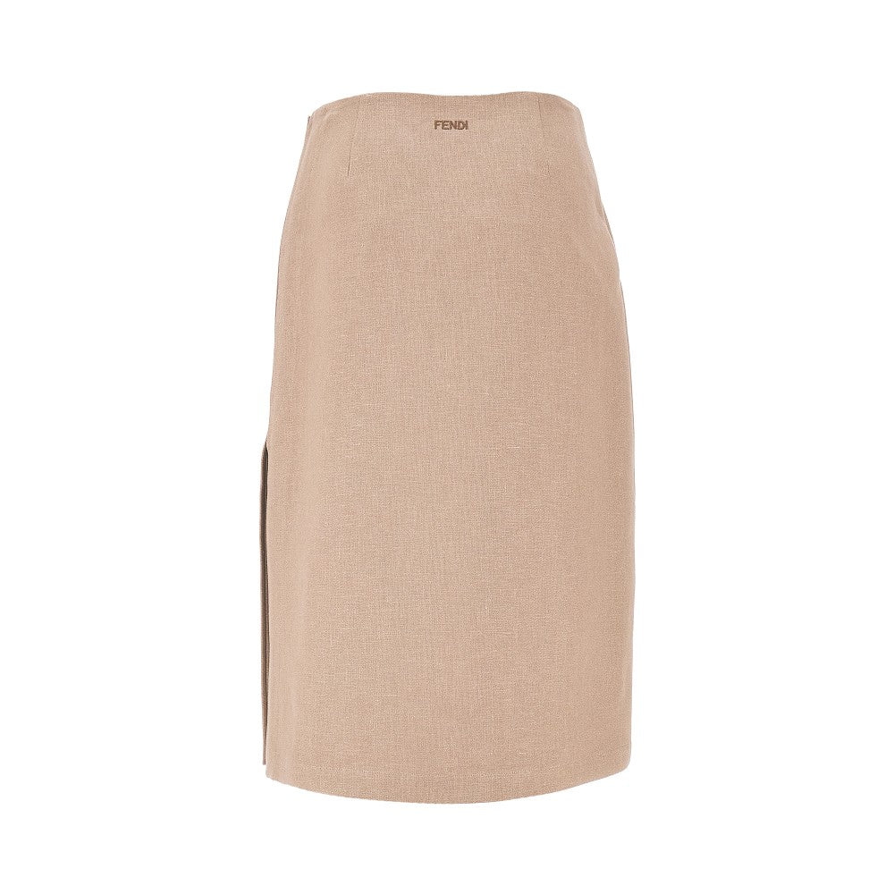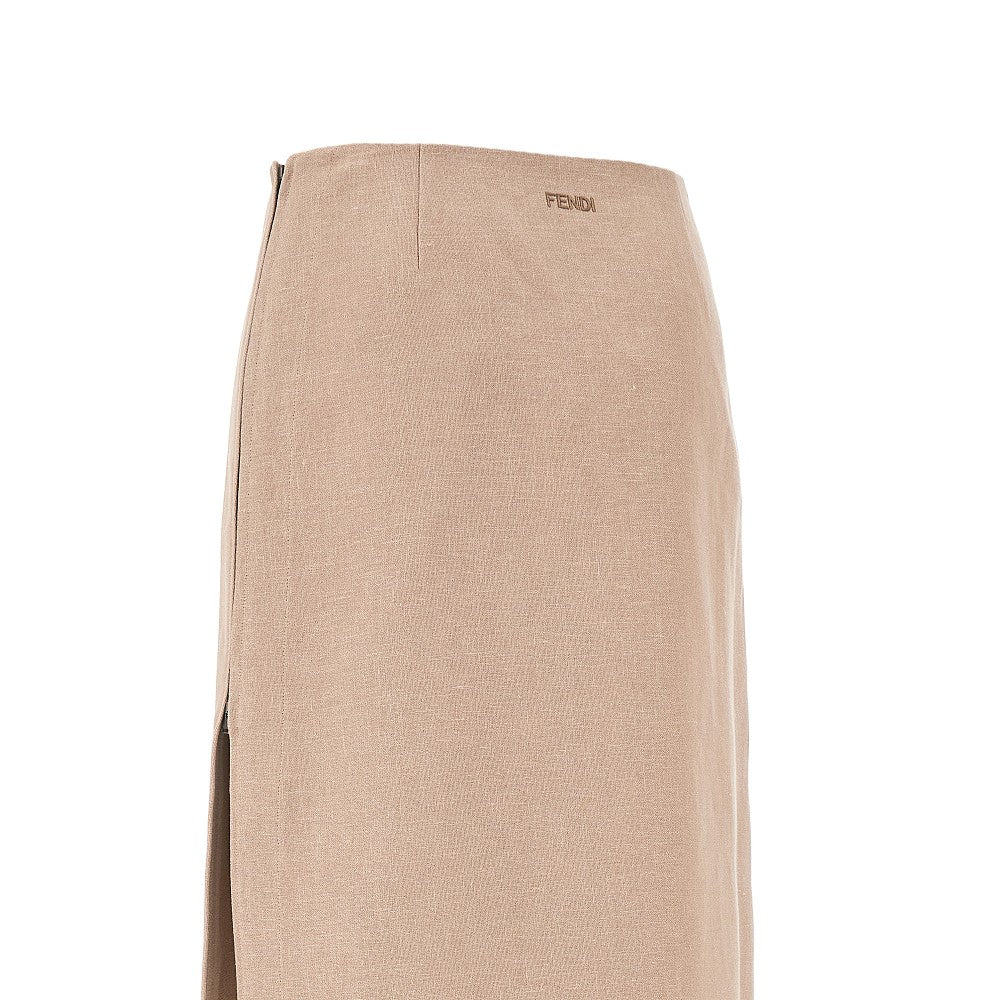 Gonna longuette in lino con spacco laterale
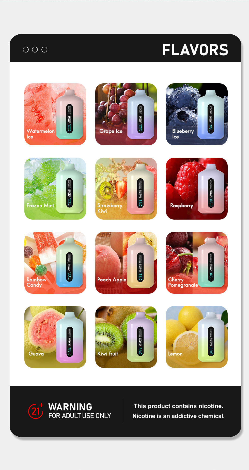 These products are not risk free. contains nicotine which is addictive-not to be sold or used by minors
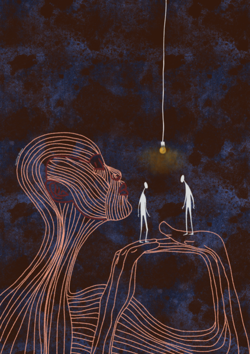 Ilustração de figura humana com linhas cor de laranja segurando duas pequenas figuras brancas iluminadas por uma lâmpada amarela
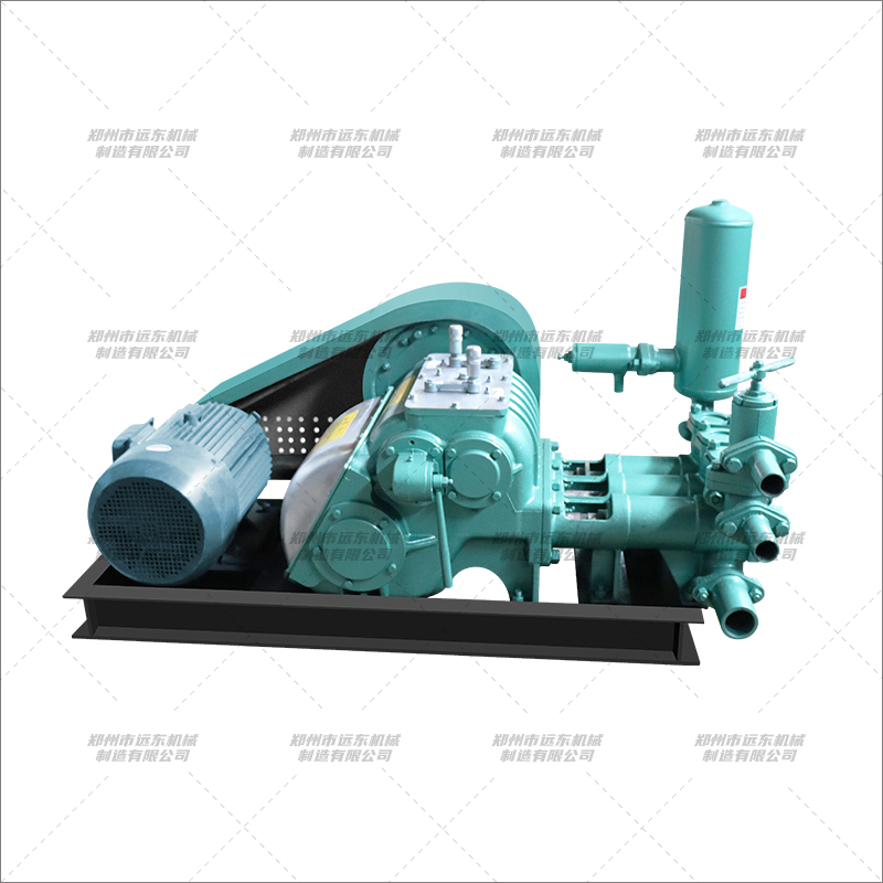 BW250注漿機主要作用于隧道開鑿與維護道路、橋梁、水壩、礦山建設和高層建筑的基礎設施處理工程及各類注漿施工工程,巖芯鉆機配套輸送泥漿,礦井排污及遠距離送水等其他用途。 該機為臥式三缸往復單作用活塞泵,該泵具有兩種缸徑和四擋變量,大缸套用于1000米大口徑鉆機配套,小缸套用于1500米小口徑鉆機配套。 1、具有可滿足大小口徑鉆機所需的各四擋流量,參數(shù)選合理,可與XY-4和XY-5型鉆機配套使用??蓾M足不同口徑、不同孔深、不同地質巖心鉆探的需要。 2、活塞為碗形加尼龍靠背的自封式S型聚胺脂橡膠活塞,大大提高使用壽命。 3、拉桿上設有五道防塵密封圈,以防止液力端的泥漿帶入動力端和動力端潤滑濾。密封可靠,使齒輪延長使用壽命。 4、進排水閥采用鋼球。并在閥蓋上設有減聲橡膠墊,以減少沖擊噪聲。5、壓力表采用BY-1型抗震壓力表,壽命長。 6、可拆性好,便于維修和搬遷。
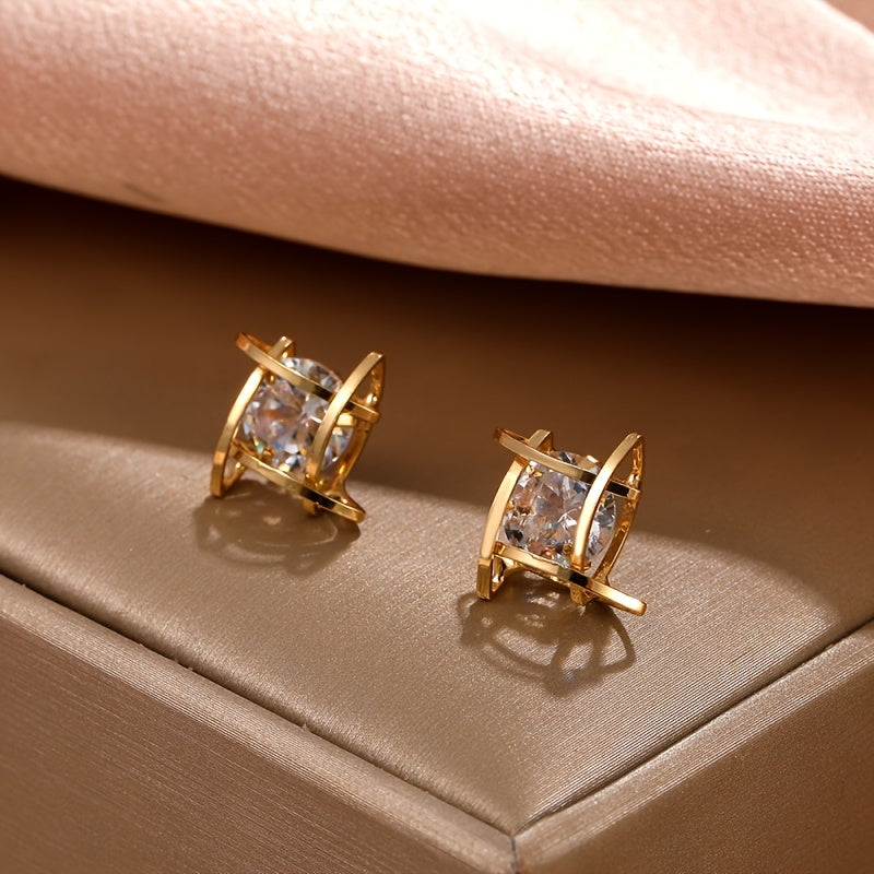 Серебряные серьги-гвоздики с неровным кубическим цирконием для женщин

────────

WORK REQUIRED —
When you set down the records above, copy every line exactly and exclude the pictures.

SOLUTION TO THIS PROBLEM —
 Gonna longuette in lino con spacco laterale
 These products are not risk free. contains nicotine which is addictive-not to be sold or used by minors
 Ilustração de figura humana com linhas cor de laranja segurando duas pequenas figuras brancas iluminadas por uma lâmpada amarela
 BW250注漿機主要作用于隧道開鑿與維護道路、橋梁、水壩、礦山建設和高層建筑的基礎設施處理工程及各類注漿施工工程,巖芯鉆機配套輸送泥漿,礦井排污及遠距離送水等其他用途。 該機為臥式三缸往復單作用活塞泵,該泵具有兩種缸徑和四擋變量,大缸套用于1000米大口徑鉆機配套,小缸套用于1500米小口徑鉆機配套。 1、具有可滿足大小口徑鉆機所需的各四擋流量,參數(shù)選合理,可與XY-4和XY-5型鉆機配套使用??蓾M足不同口徑、不同孔深、不同地質巖心鉆探的需要。 2、活塞為碗形加尼龍靠背的自封式S型聚胺脂橡膠活塞,大大提高使用壽命。 3、拉桿上設有五道防塵密封圈,以防止液力端的泥漿帶入動力端和動力端潤滑濾。密封可靠,使齒輪延長使用壽命。 4、進排水閥采用鋼球。并在閥蓋上設有減聲橡膠墊,以減少沖擊噪聲。5、壓力表采用BY-1型抗震壓力表,壽命長。 6、可拆性好,便于維修和搬遷。
 Серебряные серьги-гвоздики с неровным кубическим цирконием для женщин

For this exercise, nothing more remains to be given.